Было бы ошибочным полагать, что столь резко критиковавшаяся книга Ли Чхон-вона была актом некоего «скрытого диссидентства». Несмотря на редкую принципиальность и стойкость, проявленную им в колониальные времена, Ли Чхон-вон, став крупным функционером режима, принимал более чем активное участие в восхвалении Ким Ир Сена. В начале 1957 г., когда над головой Ли Чхон-вона стали сгущаться тучи, академик активно критиковал «фракционеров, в частности, своего бывшего покровителя Чхве Чхан-ика. Именно Ли Чхон-вон в январе 1957 г. опубликовал в «Нодон синмун» статью с жесткими нападками на «фракционеров, которые были разоблачены на августовском пленуме». Это была одна из первых публикаций, в которой содержалась открытая критика Чхве Чхан-ика и его группы[444]. Впрочем, как уже говорилось выше, все эти лихорадочные усилия Ли Чхон-вону не помогли: летом 1957 г. он был снят со всех своих постов.

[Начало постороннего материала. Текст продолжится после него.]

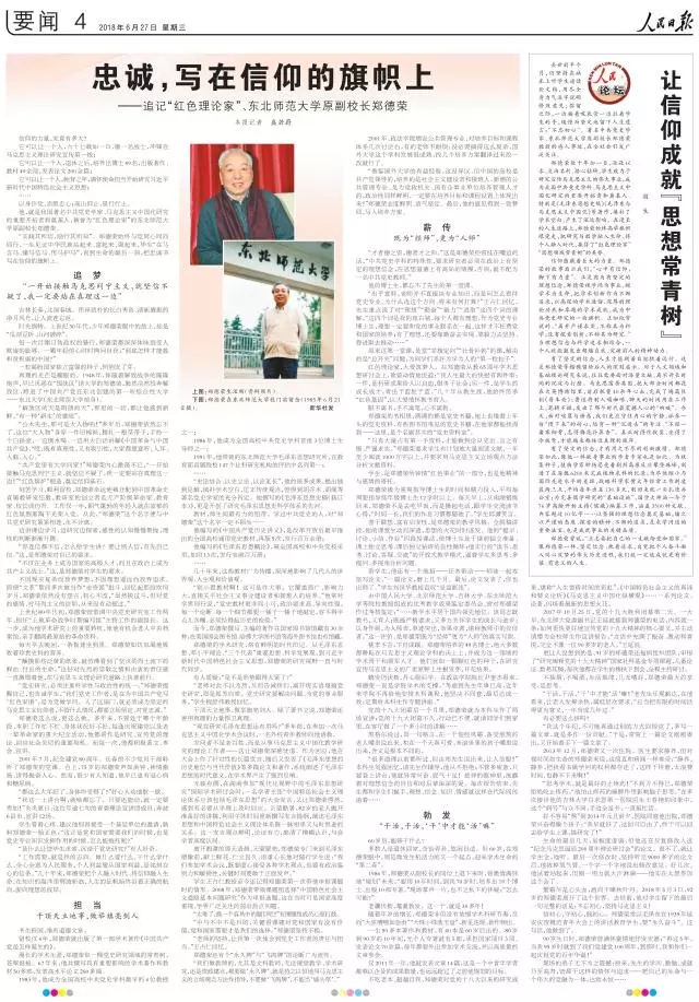 2018年5月3日,中共党史学家、马克思主义中国化研究的重要开拓者和奠基人,被誉为“红色理论家”的东北师范大学原副校长郑德荣同志因病去世,享年93岁。教育部追授郑德荣“全国优秀教师”荣誉称号。6月27日,《人民日报》整版报道:刊发长篇通讯,以“忠诚,写在信仰的旗帜上”为题,报道了郑德荣教授的感人故事,并配发评论员文章“让信仰成就‘思想常青树’”。随小编一起看全文↓↓↓

Таким образом, в критиковавшейся Хван Чан-ёпом книге Ли Чхон-вона, равно как и в других трудах историка, а также работах его коллег-конкурентов и будущих обвинителей, содержалась та версия корейской истории, которая официально считалась «правильной» на момент выхода книги. Сам Ли Чхон-вон стал жертвой репрессий, скорее, по причинам личного характера: из-за своих давних связей со южнокорейскими коммунистами и яньаньскими активистами, в первую очередь с Чхве Чхан-иком. Когда официальная точка зрения на историю внезапно изменилась, книги Ли Чхон-вона стали легкой мишенью для обвинений. Однако нельзя забывать, что абсолютно такой же критике можно было подвергнуть любую работу на схожую тематику, увидевшую свет в КНДР до начала 1957 г. Работы столпов режима и официально признанных историков исключением из этого правила не являлись. Любопытно сложилась и дальнейшая судьба рецензента. Как известно, со временем именно Хван Чан-ёп дал окончательное определение концепции чучхе и превратил ее в некое подобие стройной идеологической системы. Впоследствии, в 1997 г., он стал также и самым высокопоставленным перебежчиком, ушедшим из КНДР на Юг.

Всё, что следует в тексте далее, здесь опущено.